Sie wanderte als Verb in der althochdeutschen Form
giziugon
für „durch Zeugnis beweisen“ ins Mittelhochdeutsche. Dort wurde aus dem Verb
(ge)ziugen
der
(ge)ziuge
.
Im juristischen Sinn sind
Zeugen
Personen, die tatsächliche Vorgänge wahrgenommen haben (im Gegensatz zu Sachverständigen) und darüber in einem Prozess aussagen. Außerdem müssen sie bei bestimmten Rechtsakten zur Kontrolle etwa als
Urkundszeuge
hinzugezogen werden. In einem Prozess muss gegebenenfalls jeder seiner
Zeugnispflicht
zur Aussage nachkommen, es sei denn ihm steht ein
Zeugnisverweigerungsrecht
zu, wie beispielsweise Geistlichen, Anwälten oder Journalisten. Über den juristischen Zusammenhang hinaus kommt der Zeuge auch in dem Begriff
Zeitzeuge
vor, der eine Person bezeichnet, die bestimmte Vorgänge miterlebt hat und davon berichten kann.

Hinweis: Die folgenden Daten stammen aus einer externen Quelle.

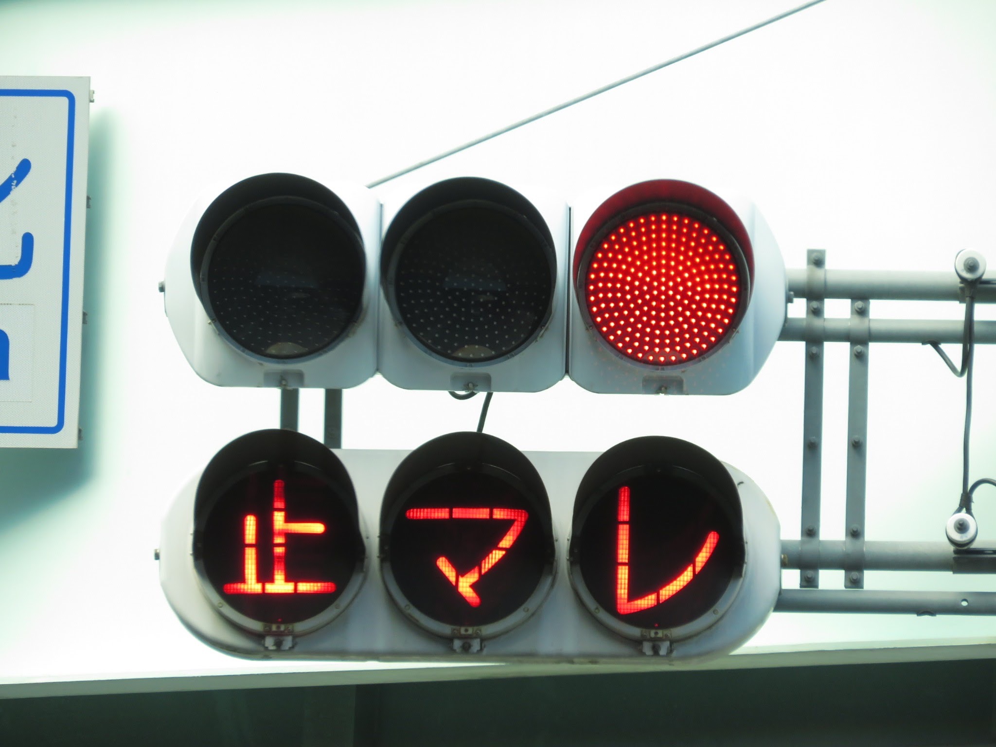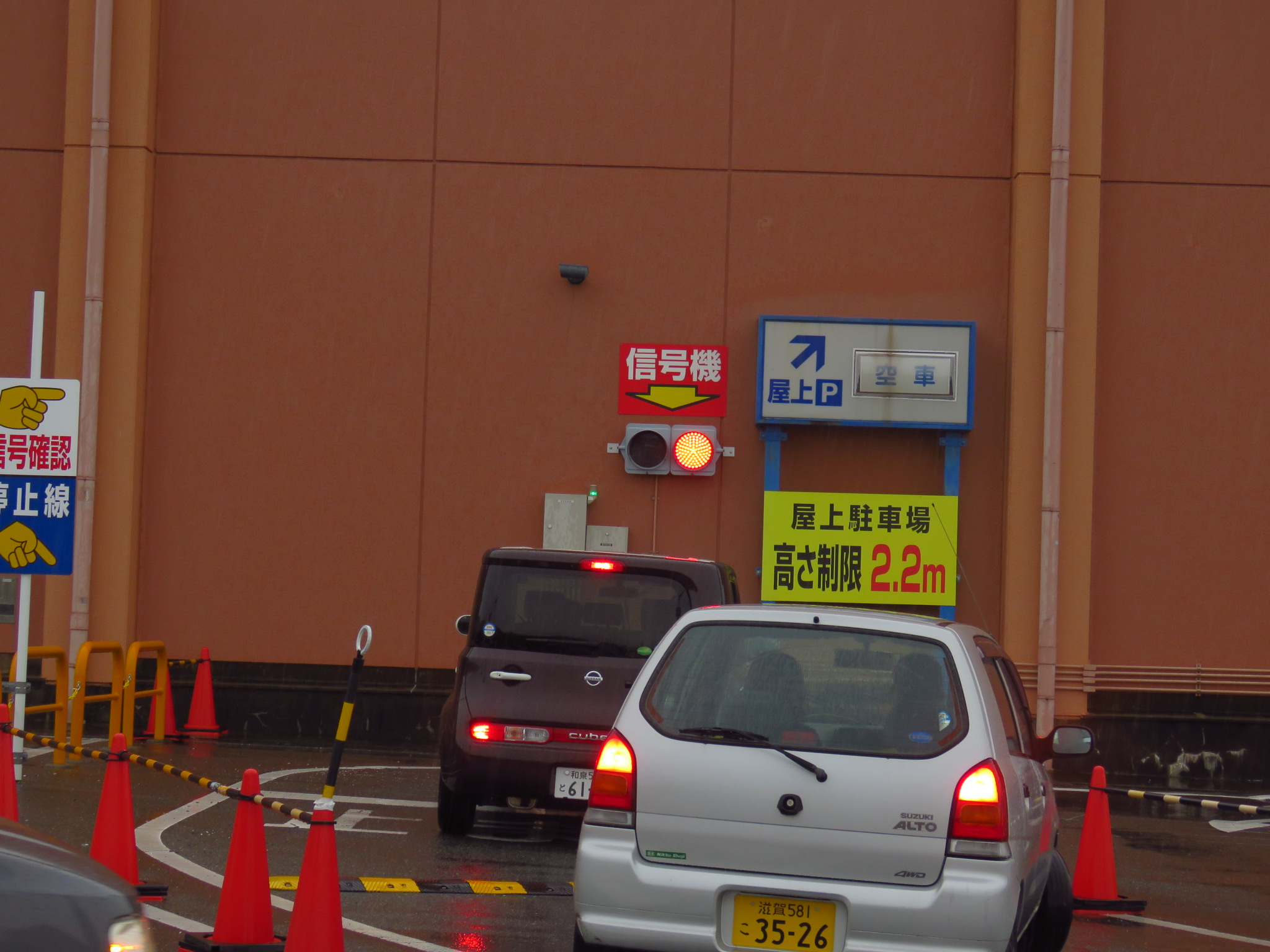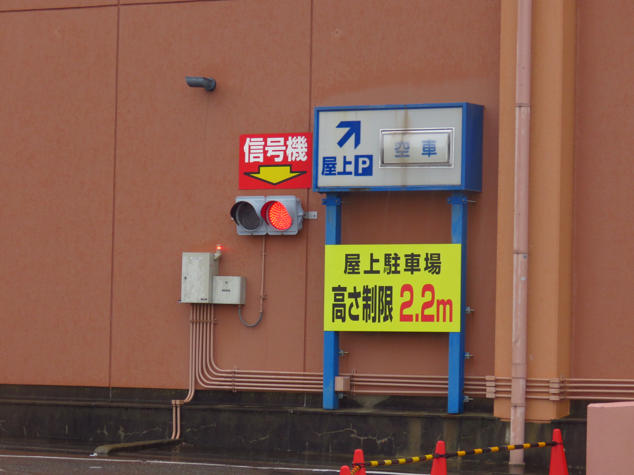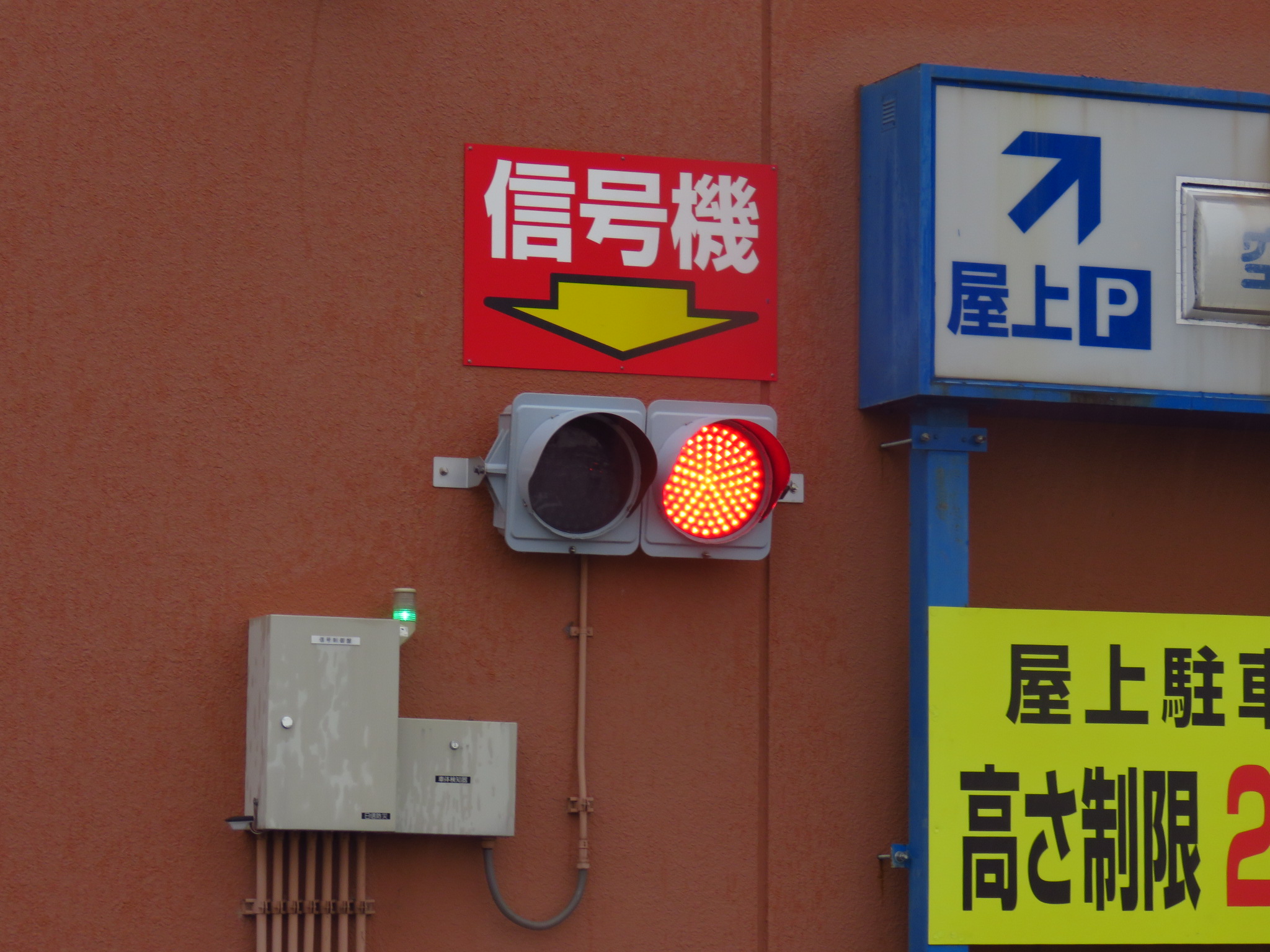 ショッピング施設用駐車場の構内信号として設置されています。青⇄赤サイクルで交互交通になっています。(屋上に上がるまでの道が狭いため)

Dieselbe sprachliche Wurzel wie Zeuge hat auch das
Zeugnis,
das im 13. Jahrhundert in einer Erweiterungsform zu
(ge)ziuge
als
(ge)ziugnusse
auftaucht. Darunter versteht man wiederum juristisch die Aussage eines Zeugen, darüber hinaus aber auch jede Art der Bescheinigung einer Tatsache oder einer Leistung einschließlich ihrer Bewertung.